Tribology is the science and engineering of interacting surfaces under load and shear, it includes the study of adhesion, friction, lubrication, and wear. In the last decades, tribology has become a highly interdisciplinary field, which attracts attention from physicists, chemists, engineers, materials scientists, and biologists. The renewed interest in tribology has been fueled by several factors, among which the advent of new experimental and computational techniques that allow for fundamental studies on the origin of friction, and an increased attention to the enormous adverse effects of friction on global energy loss and the environment.
We apply first-principles-based simulations to study key microscopic mechanisms that affect the macroscopic frictional behavior and help the design of improved materials to reduce friction.
Fundamental understanding on frictional phenomena
Relevant information on the frictional behavior of an interface can be obtained by the analysis of the potential energy surface (PES) that describes the surface adhesion during sliding [12, 22, 27]. For example, we predicted a pressure-induced friction collapse in systems with an anticorrugating PES [14]. And identified the collective atomistic mechanisms that trig the onset of frictional slip, which we described as a nucleation process [19]. We also showed that shrinking the size of a body in contact with a substrate increases its commensurability and resistance to sliding [40].
The pioneering application of ab initio molecular dynamics to simulate sliding interfaces allowed us to highlight the effects of mechanical stresses in promoting chemical reactions and the tribo-catalytic conversion of molecules in thin films [29, 59].

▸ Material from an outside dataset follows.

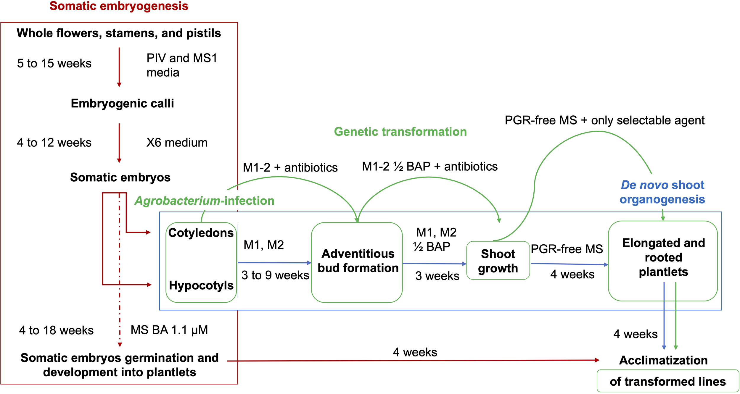 Schematic representation of the regeneration methods and Agrobacterium-mediated transformation protocols from cotyledons and hypocotyls obtained from flower-derived somatic embryos of grapevine cultivars. Embryogenic calli are obtained from the culture of whole flowers, stamens, and pistils on PIV and MS1 media. These calli are continuously proliferated on X6 medium, with the production of somatic embryos at the cotyledonary stage. The somatic embryogenesis regeneration pathway is interrupted through the isolation of cotyledons and hypocotyls from the somatic embryos, which are separated and induced to form adventitious shoots on appropriate regeneration media (M1 and M2). Shoot development occurs in media with halved BAP concentrations, while the elongation and the emergence of roots are stimulated from the shoots in a PGR-free MS medium, which is followed by the acclimatization in the greenhouse. Agro-infected cotyledons and hypocotyls chase the same steps for the stimulation of de novo shoot formation, in media supplemented with 420 µM cefotaxime, 475 µM carbenicillin, and 146 µM kanamycin.

We unraveled the fundamental nature of adhesive and friction forces by correlating them with the electronic charge displacements at the interface of two mating surfaces [47].
Lubricant materials and tribochemistry
The function of many lubricant materials is to reduce interfacial adhesion. In solid lubrication this is achieved by covering the surfaces by inert layers or coatings, while in boundary lubrication slippery “tribofilms” are formed in situ through tribochechemical reactions, i. e. reactions assisted by mechanical stresses, involving lubricant additives.
Simulations based on quantum mechanics offer the possibility to increase our basic knowledge in mechanochemistry and lubricant mechanisms. We applied them to investigate the tribochemistry of:
i) 2D materials, such as graphene [26, 27, 33, 39, 42, 56], MoS2 [30, 33, 41, 66], Phosphorene [57];
ii) hard coatings, such as diamond and DLC [17, 22, 24, 29, 36];
iii) extreme pressure additives, such as organophosphorus complexes, MoDTC and ZDDP [43, 45, 58, 63, 65].